SECTION 8.09 Notices.
All written notices to be given under this Agreement shall be given by first-class mail or
personal delivery to the party entitled thereto at its address set forth below, or at such address as
the party may provide to the other party in writing from time to time, except that notices from the
Purchaser to IBank shall be given by registered mail, or by telecommunication confirmed in
writing. Notice shall be effective forty-eight (48) hours after deposit in the United States mail,
postage prepaid or, in the case of any notice to IBank, or in the case of personal delivery to any
person, upon actual receipt at the address set forth below:
If to IBank:
California Infrastructure and Economic Development Bank
Attn: Loan Servicing Manager, Agreement Number ISRF 20-135
P.O. Box 2830
Sacramento, CA 95812-2830
For overnight mail or personal delivery only:
California Infrastructure and Economic Development Bank
Attn: Loan Servicing Manager, Agreement Number ISRF 20-135
1325 J Street, Suite 1300
Sacramento, CA 95814
With a copy to the General Counsel of IBank at the same address.
If to the Purchaser: City of San Luis Obispo
879 Morro Street
San Luis Obispo, CA 93401
Attn.: Utilities Director
Or to such other address as may be designated in writing by the Purchaser.
SECTION 8.10 Contact Persons.
(a) The Executive Director of IBank or such other person as designated in writing by
IBank shall manage this Agreement for IBank and shall have authority to make determinations
and findings with respect to each controversy arising under or in connection with the interpretation,
performance, or payment for work performed under this Agreement.
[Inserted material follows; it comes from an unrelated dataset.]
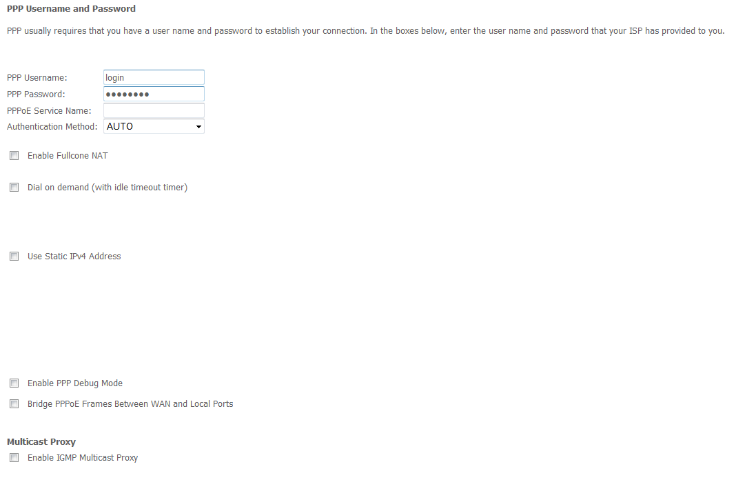 Укажите Логин и Пароль для доступа к Интернет, в соответствующие поля и нажмите Next.

(b) The Purchaser’s contact person shall be its Deputy Director Utilities - Water, or
such other person as may be designated in writing by the Purchaser (the “Purchaser
Representative”). The Purchaser’s Deputy Director Utilities - Water shall be the Purchaser
Representative for the administration of this Agreement and shall have full authority to act on
behalf of the Purchaser and may designate in writing another person or persons authorized to
49
request disbursement of Facility Funds. All communications given to the Purchaser’s Deputy
Director Utilities - Water shall be as binding as if given to the Purchaser.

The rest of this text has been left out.